Sudipto Mundle

National Institute of Public Finance and Policy
Sudipto Mundle

Sudipto Mundle is an Emeritus Professor and Member of the Board of Governors of the National Institute of Public Finance and Policy (NIPFP), New Delhi. He has served as a member of the Fourteenth Finance Commission, constituted by Government of India. Prior to this, he has also served as the Acting Chairman of the National Statistical Commission, Government of India; Member of the Monetary Policy Advisory Committee of the Reserve Bank of India (RBI); Member of the Board of Governors of the Institute of Economic Growth, New Delhi; and Chairman of the Research Advisory Committee of RIS, a think tank of the Ministry of External Affairs.
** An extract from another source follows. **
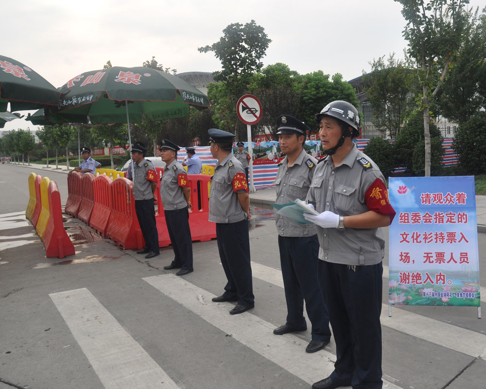 200名执勤保安员在晚会当日下午13:00,按照指挥部的统一部署分配到各执勤岗位。按照指挥部的执勤要求,全体队员克服高温天气的影响,认真履行岗位职责,大部分队员衣服全部被汗水淋透了,他们仍然坚守岗位。在整个执勤当期,7检票口的同志共查出假票40余张,收缴假工作证件50余件,阻止无票、无证人员进入现场800余人次,另外还配合当地公安执勤民警收缴各类危险品400余件,有效防止各类隐患事故的发生。

He had also been a part of two steering committees of the Planning Commission for the 12th Five Year Plan.

Sudipto Mundle spent the major part of his career in various capacities in Asian Development Bank (ADB), including Chief Economist at the India Resident Mission. He retired from ADB in 2008 as a director in the Strategy and Policy Department. Prior to joining ADB, he served at the Indian Institute of Management, Ahmedabad; the Centre for Development Studies, Trivandrum; and the NIPFP, New Delhi; where he was RBI Chair Professor. Dr. Mundle was also a Japan Foundation scholar in Tokyo, Japan, 1979; a Visiting Fellow at the Institute of Social Studies in the Hague, the Netherlands, 1984; a Fulbright Scholar at Yale University, USA, 1985; and Joan Robinson Memorial Fellow at King’s College, Cambridge University, UK,1991.

His current research areas are macroeconomic policy modeling, rating the governance performance of Indian states, and a study of Bihar’s recent development experience.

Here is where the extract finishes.